L'humanisme en valorisant les modèles antiques, il permet l'expression de nouvelles formes de représentation des hommes. Si les sujets des œuvres d'art restent encore d'inspiration biblique, les attitudes sont plus proches de l'antiquité notamment par le recours au nu. David est un sujet traité par de nombreux artistes, Donatello, Verrocchio, Michel-Ange, ... mais de plus en plus à la mode antique et pour valoriser des valeurs modernes. Le David de Michel-Ange incarne la valeur civique des Florentins (courage et détermination). Il est un témoignage de la croyance en la grandeur de l'homme et en sa dignité.
L'Antiquité fournit de nombreux thèmes liés à la mythologie. En 1485, Sandro Botticelli peint le premier nu « païen » de la Renaissance, La naissance de Vénus. Oeuvre inspirée par la mythologie mais dans laquelle on peut voir une formulation de l'Absolu mélant le bien et le beau et une présentation du baptème. Cet idéal de beauté, qui a une forte charge érotique, pose problème en raison des mentalités qui n'étaient pas prêtes à accepter ce type de représentation.
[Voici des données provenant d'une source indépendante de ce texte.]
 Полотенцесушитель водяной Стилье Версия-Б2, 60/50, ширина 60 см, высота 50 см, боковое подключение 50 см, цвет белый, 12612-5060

Vénus est voilée par ses cheveux et les nus du Jugement dernier de Michel-Ange dans la chapelle sixtine à Rome seront pudiquement recouverts de voiles.

 

La Renaissance fut donc une période de renouvellement des savoirs. Savoirs fondés de plus en plus sur l'expérience et l'innovation (technique, artistique, économique, ...) et de moins en moins sur une vérité révélée par la Bible et les écritures saintes. L'homme moderne prend alors des distances avec l'Eglise qui connaît à partir de 1517 un profond mouvement de réformation qui aboutit au XVI è siècle au schisme de la chrétienté occidentale entre catholicisme et protestantisme.